SRSF2, or Serine and Arginine Rich Splicing Factor 2, is a protein found in human cells and broadly expressed across various cell types. It belongs to the serine/arginine (SR)-rich family of pre-messenger RNA (pre-mRNA) splicing factors and is considered a normal component of the nuclear speckle structure. SRSF2 plays a fundamental role in genetic processes, essential for proper cell function and overall health.
SRSF2’s Core Function: RNA Splicing
SRSF2’s primary function is RNA splicing, a fundamental step in gene expression. RNA splicing removes non-coding regions, called introns, from a newly made RNA molecule. The remaining coding regions, called exons, are then joined together. This transforms pre-mRNA into mature messenger RNA (mRNA), which carries instructions for building specific proteins.
SRSF2 contributes to this process by recognizing and binding to specific RNA sequences on the pre-mRNA, primarily through its RNA recognition motif (RRM) domain. It also interacts with other splicing factors via its arginine/serine-rich (RS) domain, facilitating the assembly of the spliceosome, the molecular machine responsible for splicing. This coordinated action ensures that exons are accurately assembled, which is vital for producing functional proteins.
When SRSF2 Goes Awry: Implications for Health
When SRSF2 malfunctions due to mutations or dysregulation, it can impact human health. Mutations in SRSF2 are frequently observed in patients with myeloid neoplasms, a type of blood cancer. These include Myelodysplastic Syndromes (MDS) and Acute Myeloid Leukemia (AML).
SRSF2 mutations are among the most common splicing mutations linked to AML, and their presence in a healthy individual carries a high risk of progression to AML. In chronic myelomonocytic leukemia (CMML), SRSF2 mutations are found in a high frequency, ranging from 28% to 47% of cases. These mutations are often associated with specific clinical features, such as multilineage dysplasia and excess blasts in MDS, and can influence how the disease progresses.

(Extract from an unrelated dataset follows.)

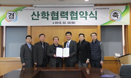 [대학저널 유제민 기자] 경기과학기술대학교는 지난 6일 서울 한국인재교육평가원(원장 서용재)과 산학협력 협약을 체결했다. 이번 협약은 산학협력을 통해 공동의 발전을 도모하는 한편 전문 직업인 양성 및 지역사회 발전 을 위해 체결됐다.

How SRSF2 Dysfunction Leads to Disease
Altered SRSF2 function contributes to the development and progression of myeloid neoplasms by disrupting normal RNA splicing. Mutations in SRSF2 can change its ability to bind to specific RNA sequences. This altered binding affinity leads to mis-splicing of hundreds of other genes, resulting in the incorrect inclusion or exclusion of exons.
This mis-splicing can produce faulty proteins or alter the levels of correctly made proteins, which then disrupts normal cellular processes like cell growth, differentiation, and programmed cell death. For instance, some SRSF2 mutations can inhibit cell proliferation by inducing cell cycle arrest and apoptosis. The distorted cell cycle can prevent cells from completing their division and lead to cell death. This disruption of normal cell regulation mechanisms can drive the uncontrolled cell growth characteristic of cancer development.